→ **ASSIGNED TASK**
Write out the records below from the first line through the line containing "This greeting card", leaving out any pictures.

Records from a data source
________________________

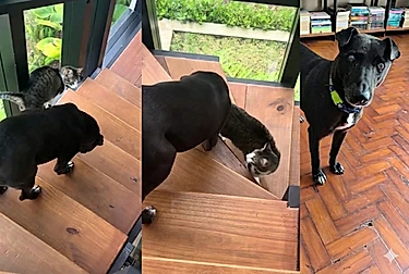 Renata registrou a cena emocionante: o gatinho desce primeiro, degrau por degrau, mostrando exatamente onde o amigo deve pisar. Ele para, observa, espera. Só avança quando percebe que Black está seguro.
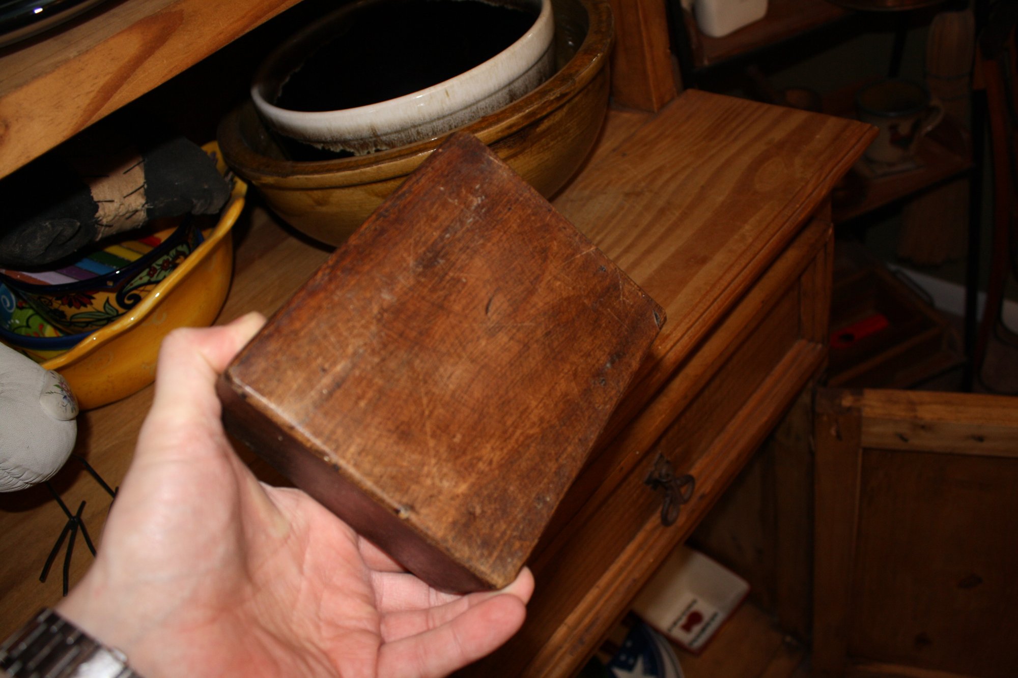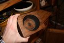 Vintage wooden primitive sugar mold, originally used as a single-hole mold for sugar or in small industrial foundries. Made from solid wood with natural signs of age and wear, featuring a central circular cutout. Repurposed today as a decorative centerpiece, candle holder, or rustic home décor accent, ideal for farmhouse, industrial, or vintage-inspired interiors.
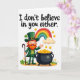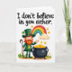 This greeting card features a cheerful leprechaun with a ruddy beard and a wide grin, dressed in a green suit and a tall buckled hat marked with a shamrock ☘️. He stands on a white background and leans on a cane, his open gesture aimed toward a large black pot overflowing with gold coins that seem to glint with tiny shamrock marks. A rainbow 🌈 arches above, guiding your eye to a soft cloud where more coins spill downward like a sparkling shower. The leprechaun’s friendly, teasing expression feels like a wink shared between close friends, as if he’s in on the joke with the person holding the card. Across the top, the line “I don’t believe in you either” sits in dark lettering, centered and easy to read against the pale space. The greens and golds stand out strongly against the white, while the rainbow adds bands of red, orange, yellow, blue, and purple. The final detail is the coin cascade falling from the cloud in a loose trail toward the pot’s open rim.
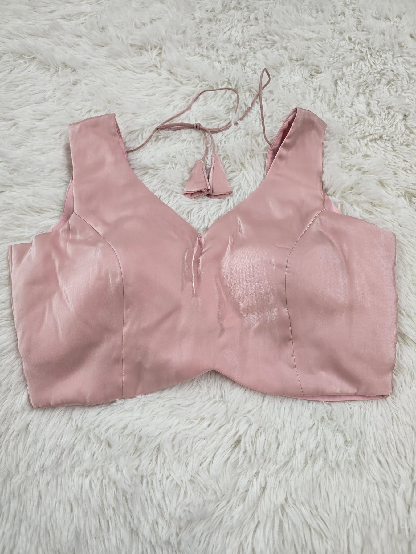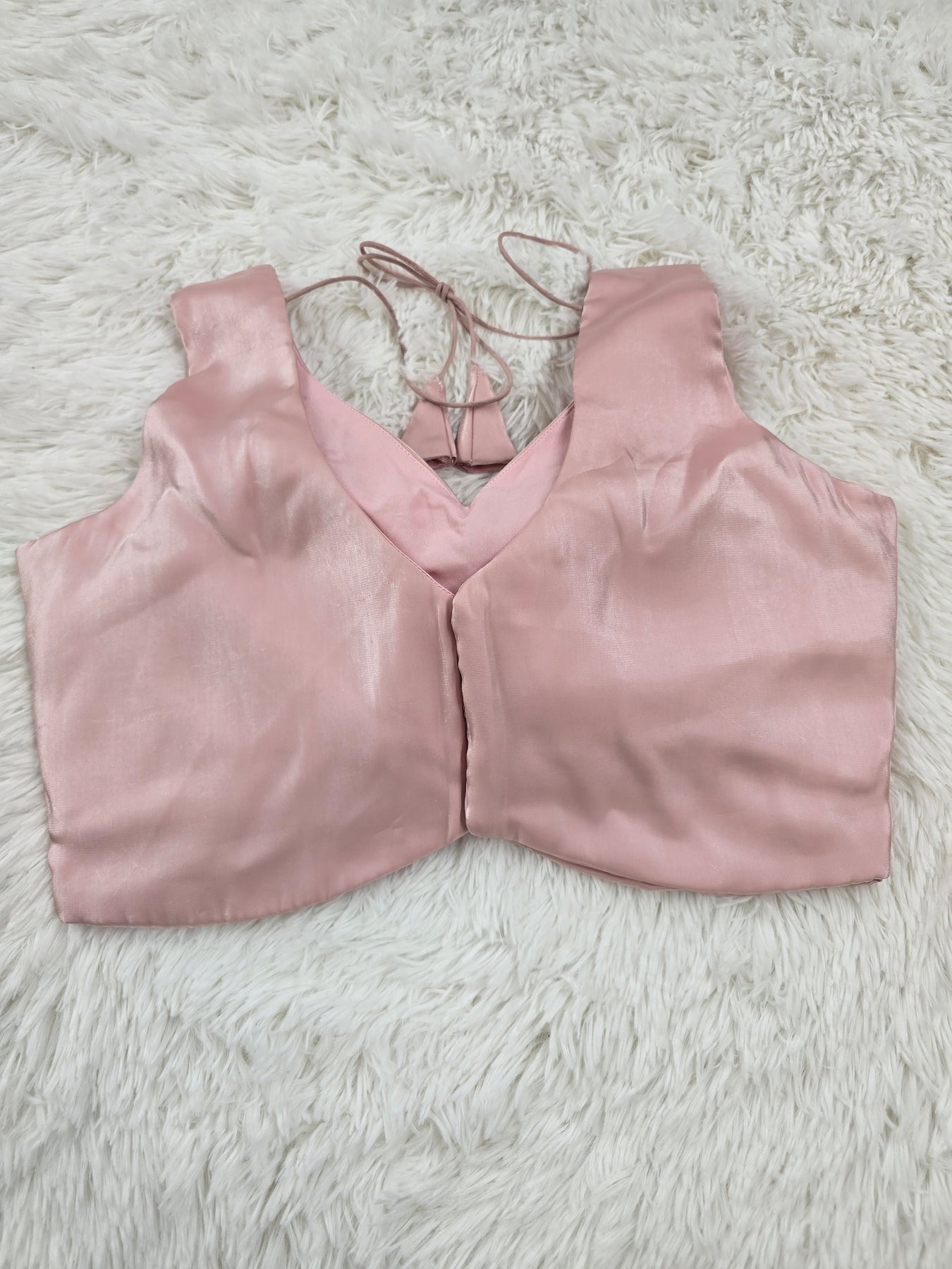 Light Pink Satin Readymade Blouse – Deep V-Neck Design with Back Tie Tassels
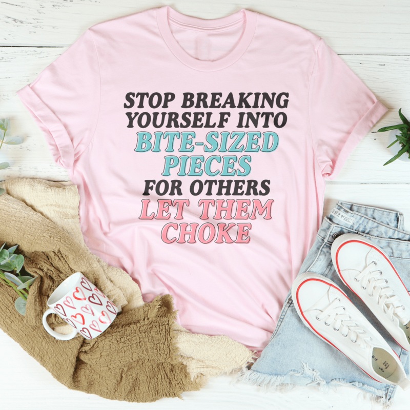 Stand strong and whole with our “Stop Breaking Yourself Into Bite-Sized Pieces” T-shirt. This empowering tee is perfect for anyone who’s committed to self-love and the courage to remain whole in a world that often demands we shrink ourselves. It’s a powerful reminder to maintain your integrity and self-worth.

________________________

→ **ANSWER BELOW**
 Renata registrou a cena emocionante: o gatinho desce primeiro, degrau por degrau, mostrando exatamente onde o amigo deve pisar. Ele para, observa, espera. Só avança quando percebe que Black está seguro.
 Vintage wooden primitive sugar mold, originally used as a single-hole mold for sugar or in small industrial foundries. Made from solid wood with natural signs of age and wear, featuring a central circular cutout. Repurposed today as a decorative centerpiece, candle holder, or rustic home décor accent, ideal for farmhouse, industrial, or vintage-inspired interiors.
 This greeting card features a cheerful leprechaun with a ruddy beard and a wide grin, dressed in a green suit and a tall buckled hat marked with a shamrock ☘️. He stands on a white background and leans on a cane, his open gesture aimed toward a large black pot overflowing with gold coins that seem to glint with tiny shamrock marks. A rainbow 🌈 arches above, guiding your eye to a soft cloud where more coins spill downward like a sparkling shower. The leprechaun’s friendly, teasing expression feels like a wink shared between close friends, as if he’s in on the joke with the person holding the card. Across the top, the line “I don’t believe in you either” sits in dark lettering, centered and easy to read against the pale space. The greens and golds stand out strongly against the white, while the rainbow adds bands of red, orange, yellow, blue, and purple. The final detail is the coin cascade falling from the cloud in a loose trail toward the pot’s open rim.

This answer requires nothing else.